GUERRILLA
By Jawad
“Tell me Professor, why do you struggle so much?
What is in independence for you?”
- Colonel Sharfaraz, in an interrogation cell.
The War for Liberation has always been an enigma for all of this generation. What meagre amount of knowledge we have accumulated so far, can't actually convey the feelings of desperation, helplessness, and enormous emotions behind the urge to acquire freedom, tremendous drive to put down lives at all cost to be free of the oppression, to talk in our own language, to make our own decisions and to live free of fear.
We can seldom understand the anger that blazes through the voices, the sorrow that is reflected in their tones and the pride that gleams in the eyes of our elders, of the ones that fought valiantly to make us a free nation, when they talk about the war. Because we weren't there. Because we haven't fought.

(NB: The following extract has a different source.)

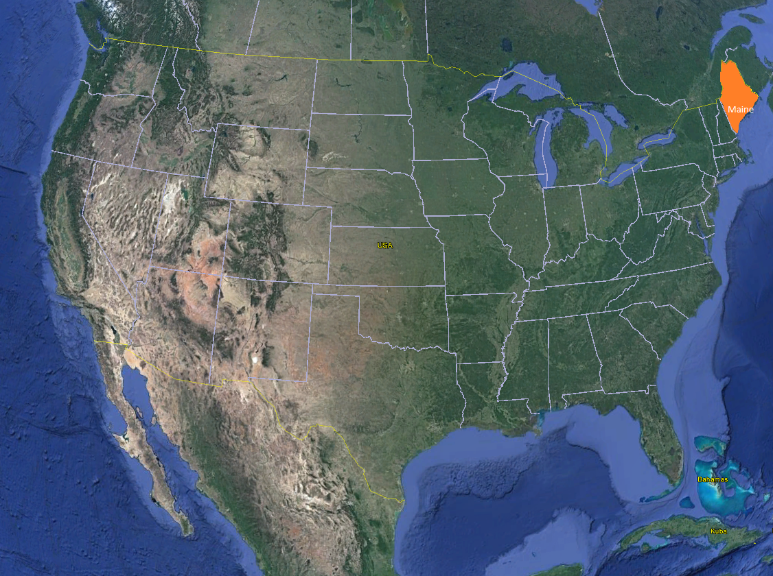 Von Massachusetts aus fuhren wir mit dem Leihwagen nach Norden kurz durch den Bundesstaat New Hampshire in den Staat Maine. Dieser Bundesstaat hat ungefähr ein Viertel der Fläche von Deutschland, es leben hier aber nur 1,3 Millionen Menschen (Deutschland ca. 82 Mill.) Vor allem gibt es hier Wälder, Seen, NATUR … So richtig um Ferien (engl. vacation) zu machen. Und das richtige Wetter hatten wir auch dafür.

The enormity of the liberation war is quite impossible to depict in a single novel, in a single piece of art or in a full-length film. Because independence wasn't achieved only by the 3 million lives that were put down or by the mass of freedom fighters that fought. Everyone was a fighter. Nasiruddin Yousuff's recent film 'Guerrilla' justifies that claim.
Based on the novel named 'Nisiddho Loban' by Syed Shamsul Haq, the film brings out the lives of those staying behind, remaining as the force that drives the fighters through their efforts economically and sometimes in cases risking their precious lives for the sake of some operations. Their part of the story has nearly always been neglected in the traditional narration where the depictions of the freedom fighters in their actual glory have been preferred. But if it makes you think that, the matchless sacrifices of the fighters have been left out, you will be wrong. They just massed the circumference while the centre was focused on Bilkis Banu who, through her activities in Dhaka and her journey to her village, captures the totality of the war.
The film is one of the best in the history of Bangladesh by dint of the efforts that have been put to shoot it. The 400-year old Panamnagar in Sonargaon was rebuilt into a city without any giant billboards and high-rise apartments to capture Dhaka at '71. And I have to say, their efforts were outstanding, from the paintings on the baby-taxies to the colours of the walls.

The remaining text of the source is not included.